# Task requirements
For this exercise, copy exactly the lines below from the one with "Uniform arrangement of" through the one with "卡普二店 2024新款牛奶绒印花四件套 萌趣熊宝" and leave out the pictures.

# Exercise inputs
%%
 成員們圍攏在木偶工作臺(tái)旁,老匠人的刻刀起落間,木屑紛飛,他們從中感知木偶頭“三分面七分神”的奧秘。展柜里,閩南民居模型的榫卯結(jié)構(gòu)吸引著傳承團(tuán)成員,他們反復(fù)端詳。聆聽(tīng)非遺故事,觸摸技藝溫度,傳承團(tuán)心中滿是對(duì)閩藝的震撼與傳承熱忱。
%%
%%
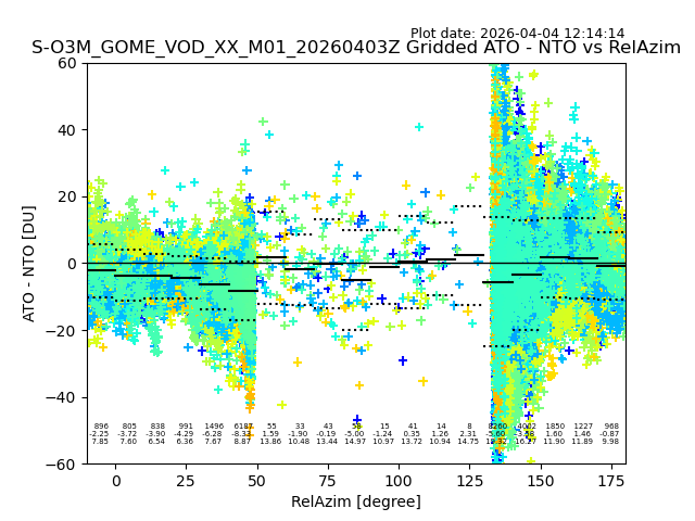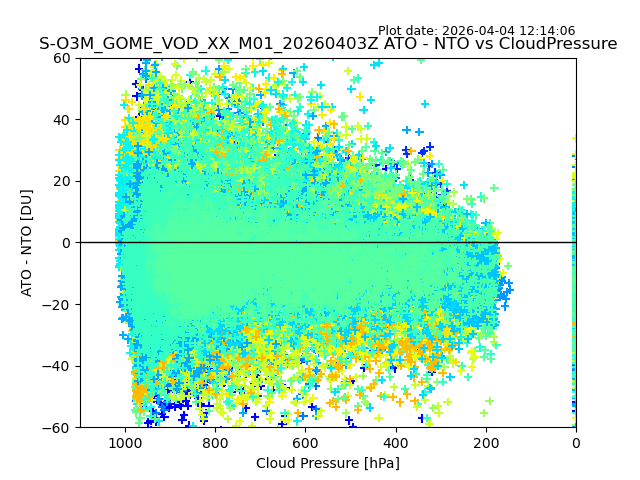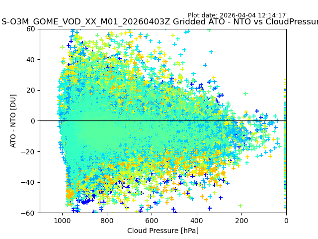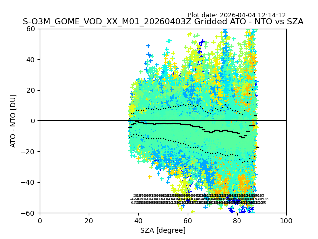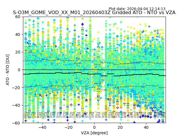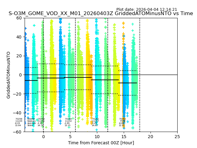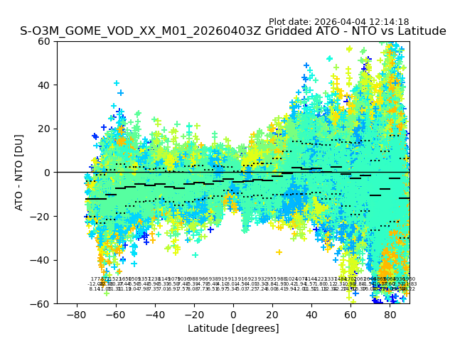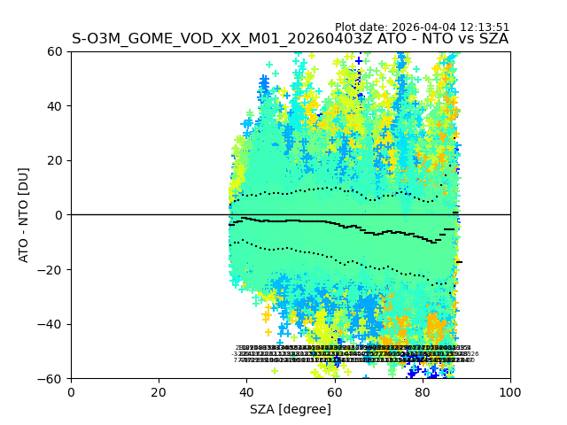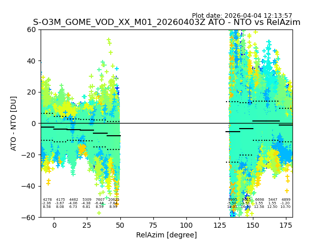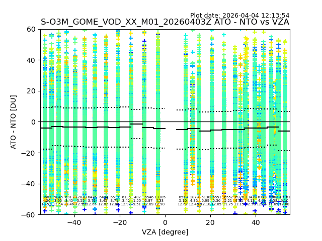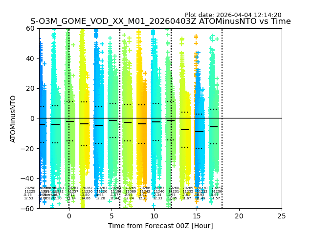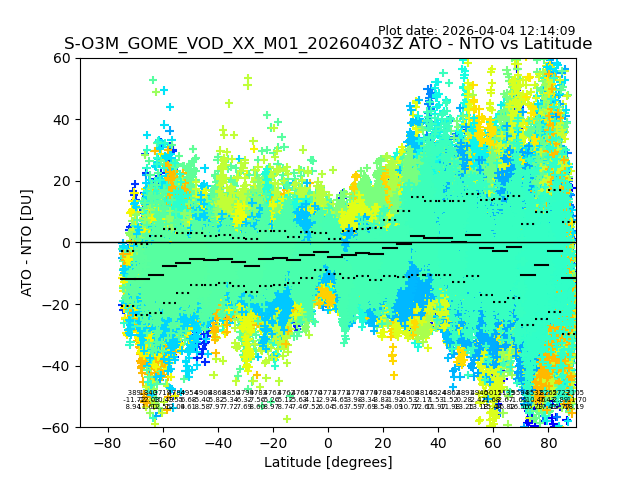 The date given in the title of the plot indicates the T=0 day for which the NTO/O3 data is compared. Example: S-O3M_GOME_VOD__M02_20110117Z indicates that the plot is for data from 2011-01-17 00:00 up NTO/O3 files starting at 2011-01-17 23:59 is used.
%%
%%
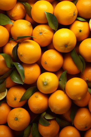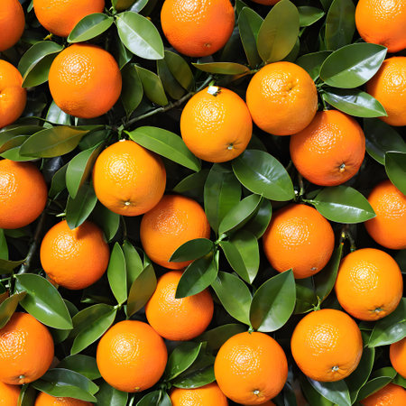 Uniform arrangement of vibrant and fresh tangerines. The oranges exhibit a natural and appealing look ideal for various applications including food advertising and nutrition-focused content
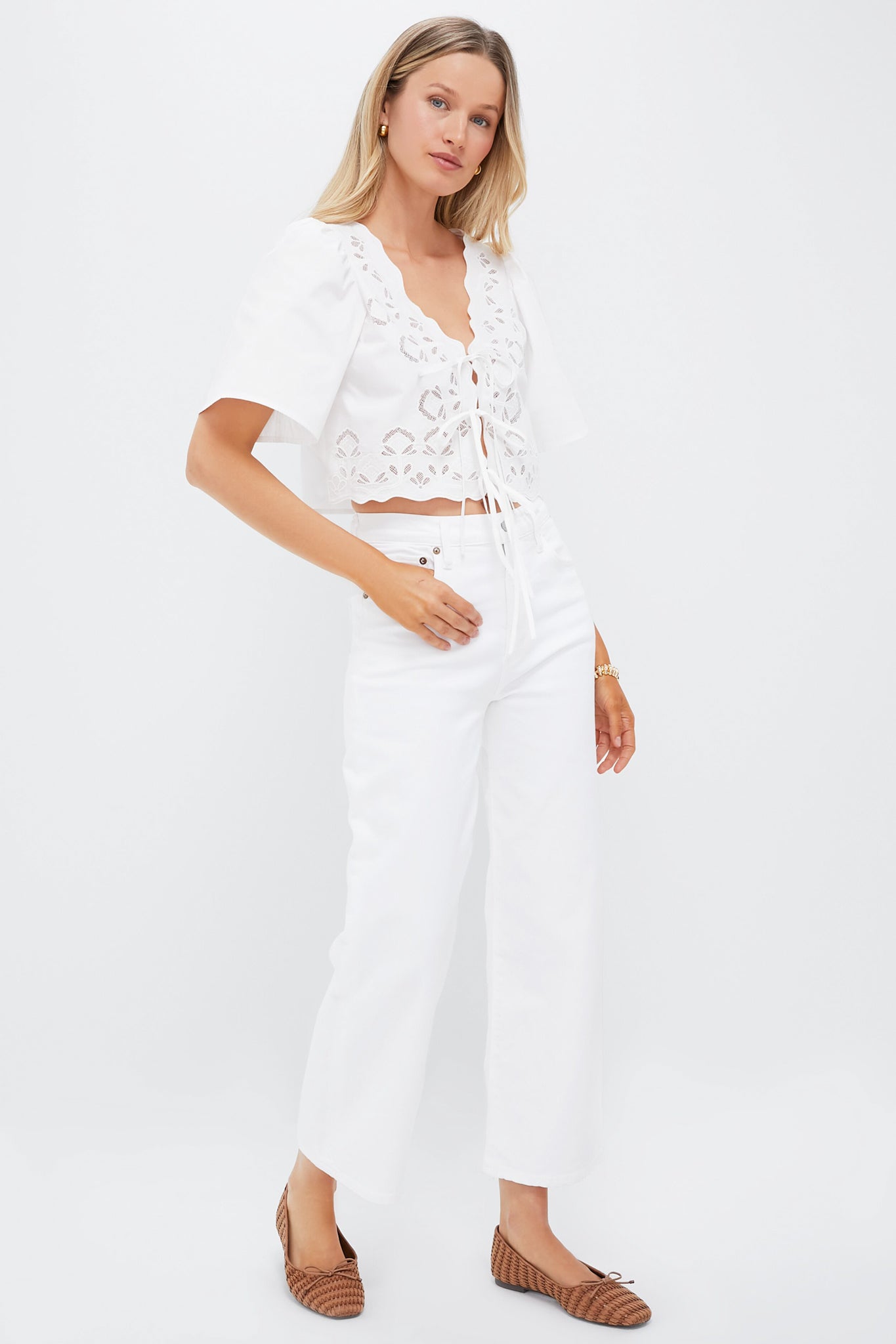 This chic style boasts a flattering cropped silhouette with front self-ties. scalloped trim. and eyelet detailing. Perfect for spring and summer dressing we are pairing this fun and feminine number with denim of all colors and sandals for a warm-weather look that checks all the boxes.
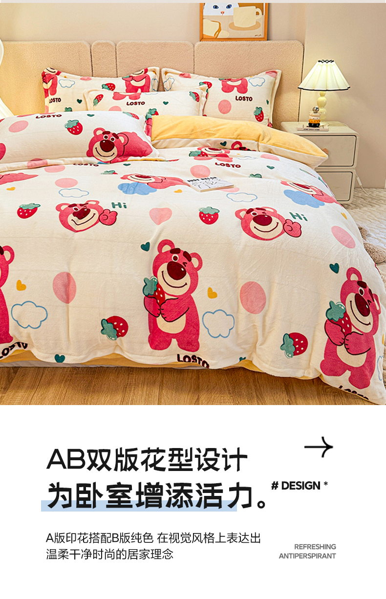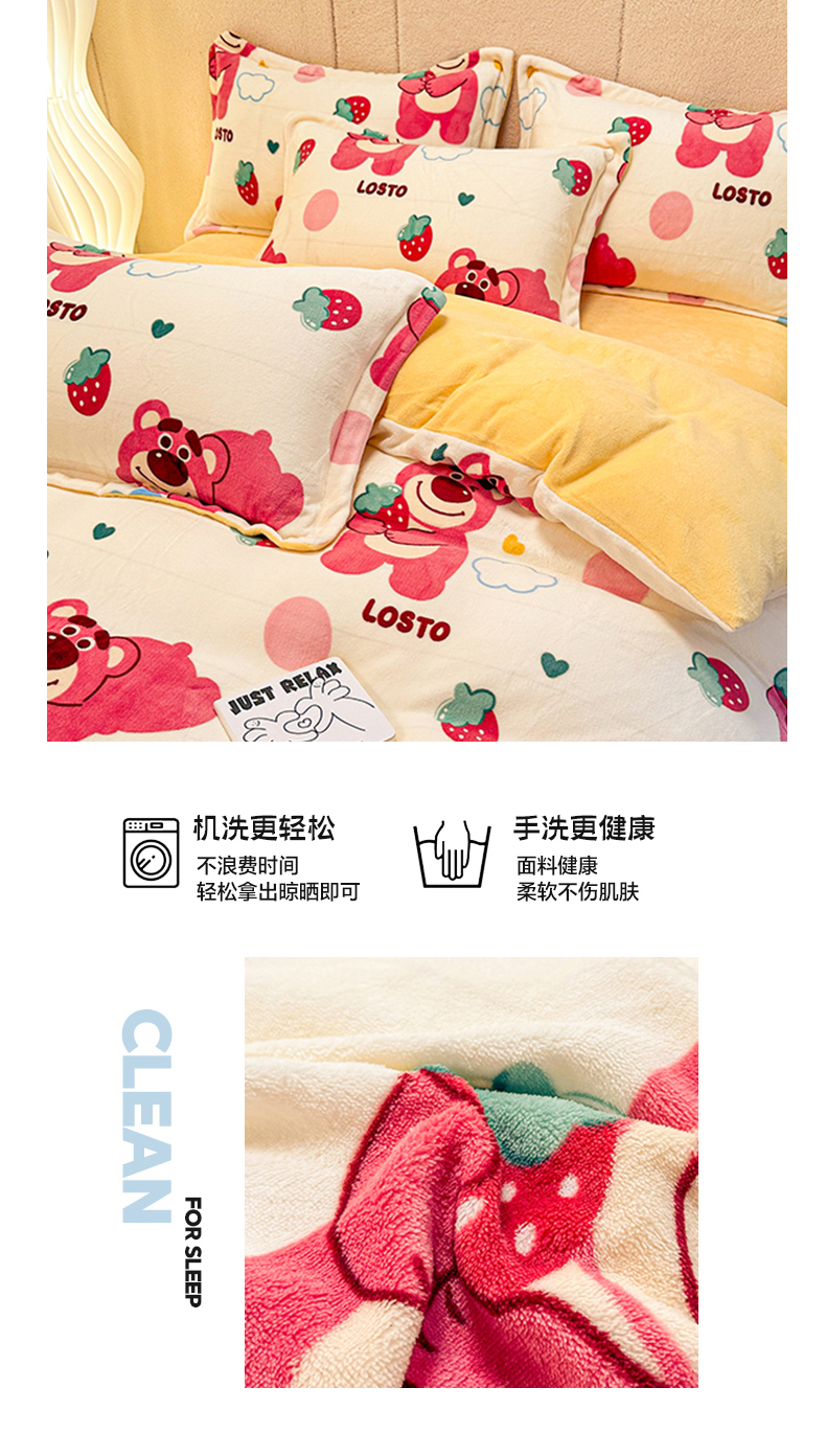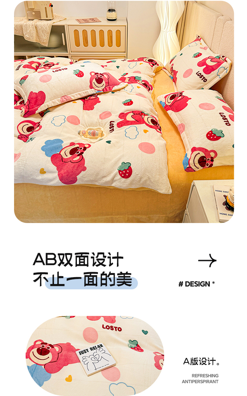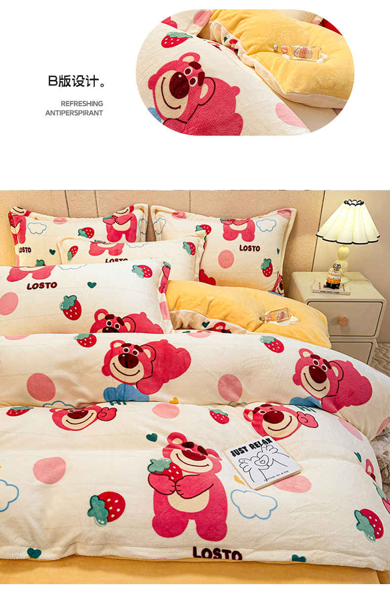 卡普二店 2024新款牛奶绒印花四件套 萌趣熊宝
%%
# Task output
 Uniform arrangement of vibrant and fresh tangerines. The oranges exhibit a natural and appealing look ideal for various applications including food advertising and nutrition-focused content
 This chic style boasts a flattering cropped silhouette with front self-ties. scalloped trim. and eyelet detailing. Perfect for spring and summer dressing we are pairing this fun and feminine number with denim of all colors and sandals for a warm-weather look that checks all the boxes.
 卡普二店 2024新款牛奶绒印花四件套 萌趣熊宝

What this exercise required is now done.